Index: usr.sbin/Makefile
===================================================================
--- usr.sbin/Makefile
+++ usr.sbin/Makefile
@@ -124,6 +124,9 @@
SUBDIR.${MK_BOOTPARAMD}+= bootparamd
SUBDIR.${MK_BSDINSTALL}+= bsdinstall
SUBDIR.${MK_BSNMP}+= bsnmpd
+.if ${MK_CAROOT} != "no"
+SUBDIR.${MK_OPENSSL}+= certctl
+.endif
SUBDIR.${MK_CXGBETOOL}+= cxgbetool
SUBDIR.${MK_DIALOG}+= bsdconfig
SUBDIR.${MK_EFI}+= efivar efidp efibootmgr
Index: usr.sbin/certctl/Makefile
===================================================================
--- /dev/null
+++ usr.sbin/certctl/Makefile
@@ -0,0 +1,6 @@
+# $FreeBSD$
+
+SCRIPTS=certctl.sh
+MAN= certctl.8
+
+.include <bsd.prog.mk>
Index: usr.sbin/certctl/certctl.8
===================================================================
--- /dev/null
+++ usr.sbin/certctl/certctl.8
@@ -0,0 +1,119 @@
+.\"
+.\" SPDX-License-Identifier: BSD-2-Clause-FreeBSD
+.\"
+.\" Copyright 2018 Allan Jude <allanjude@freebsd.org>
+.\"
+.\" Redistribution and use in source and binary forms, with or without
+.\" modification, are permitted providing that the following conditions
+.\" are met:
+.\" 1. Redistributions of source code must retain the above copyright
+.\" notice, this list of conditions and the following disclaimer.

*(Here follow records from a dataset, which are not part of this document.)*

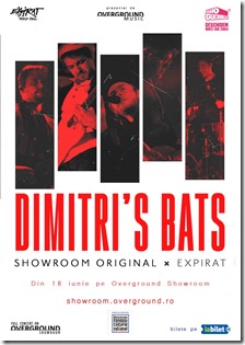 Periodic, vineri de la ora 20:00, pe Overground Showroom – „Netflixul de concerte” – va avea premiera în exclusivitate câte un concert din seria Showroom Original ⨯ Expirat. Pentru că tuturor ne este dor de concerte, de experiența muzicii live, de schimbul de energie dintre scenă și public. Așa că am readus pe scenă cele mai tari trupe de alternativ pentru o serie de concerte filmate, produse de Overground Music și găzduite de Expirat! Seria continuă vineri, 18 iunie, la ora 20:00 cu concertul Dimitri’s Bats. Biletele la premiera online se găsesc online pe www.iabilet.ro la prețul de 29 de lei.
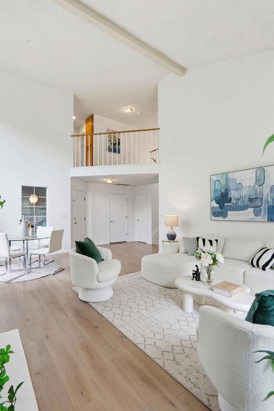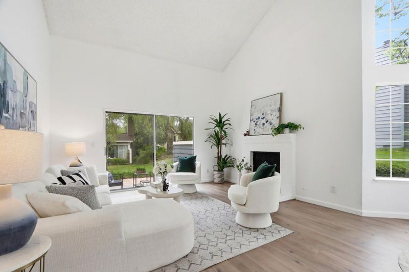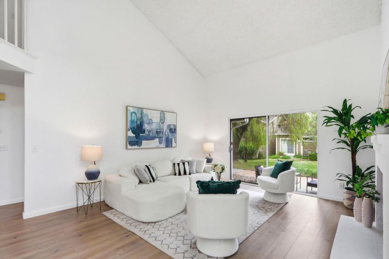 Prestigious California Ridge home nestled in a scenic rolling hill setting, surrounded by luxury custom residences. This desirable end-unit property offers the privacy and feel of a single-family home and is ideally situated on a quiet cul-de-sac adjacent to a greenbelt, with convenient guest parking nearby. Featuring 3 bedrooms and 2.5 bathrooms, this home showcases impressive high ceilings and a flexible, open floor plan. The space off the kitchen can be used as a dining area or cozy den, while the expansive living area allows for a combined living and dining layout. Sliding glass doors from both the living and dining areas open to a private patio overlooking a large green lawn, creating seamless indoor-outdoor living. Recent updates include fresh interior paint. Additional highlights include a 2-car attached garage and abundant natural light throughout. Located near Quicksilver Park and Almaden Lake, with easy access to shopping, dining, and major commute routes. Served by highly rated Almaden Valley schools, including Williams Elementary, Bret Harte Middle, and Leland High School.
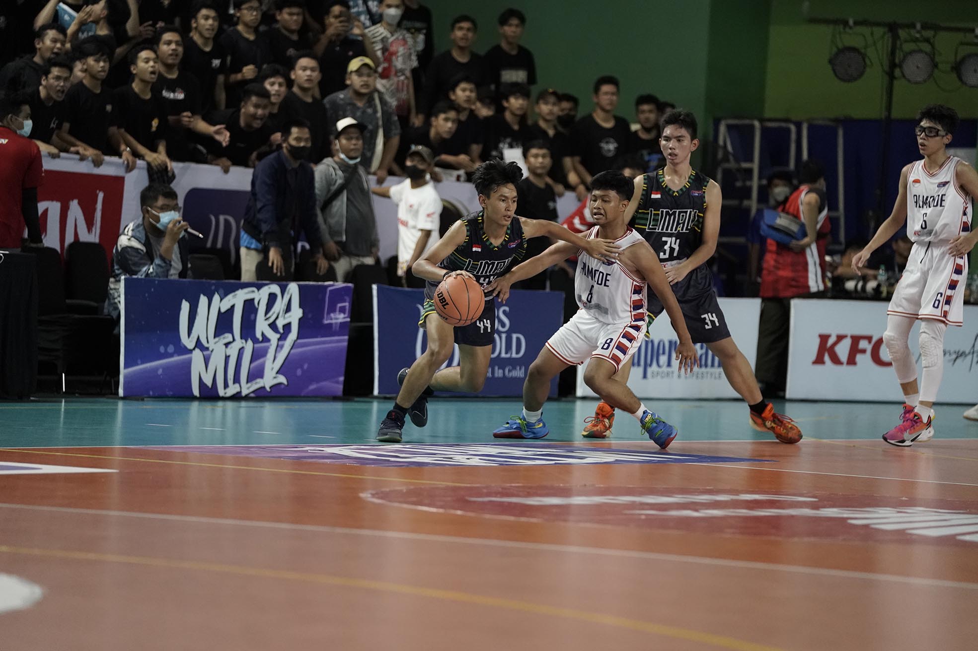 Pebasket SMA Muhammadiyah 3 Jakarta, Arsyhaliq Rashif Djajadiredja (44) menguasai bola saat melawan tim MAN 4 Jakarta pada turnamen Basket Honda DBL with KFC 2022 DKI Jakarta Series - North & Central Region yang berlangsung pada Sabtu, 8 Oktober 2022 di GOR Bulungan Jakarta. SMA Muhammadiyah 3 Jakarta unggul atas MAN 4 Jakarta dengan skor 40-38 (Foto by : Sportsmoment.id/Erly Bahtiar).

+.\" 2. Redistributions in binary form must reproduce the above copyright
+.\" notice, this list of conditions and the following disclaimer in the
+.\" documentation and/or other materials provided with the distribution.
+.\"
+.\" THIS SOFTWARE IS PROVIDED BY THE AUTHOR ``AS IS'' AND ANY EXPRESS OR
+.\" IMPLIED WARRANTIES, INCLUDING, BUT NOT LIMITED TO, THE IMPLIED
+.\" WARRANTIES OF MERCHANTABILITY AND FITNESS FOR A PARTICULAR PURPOSE
+.\" ARE DISCLAIMED. IN NO EVENT SHALL THE AUTHOR BE LIABLE FOR ANY
+.\" DIRECT, INDIRECT, INCIDENTAL, SPECIAL, EXEMPLARY, OR CONSEQUENTIAL
+.\" DAMAGES (INCLUDING, BUT NOT LIMITED TO, PROCUREMENT OF SUBSTITUTE GOODS
+.\" OR SERVICES; LOSS OF USE, DATA, OR PROFITS; OR BUSINESS INTERRUPTION)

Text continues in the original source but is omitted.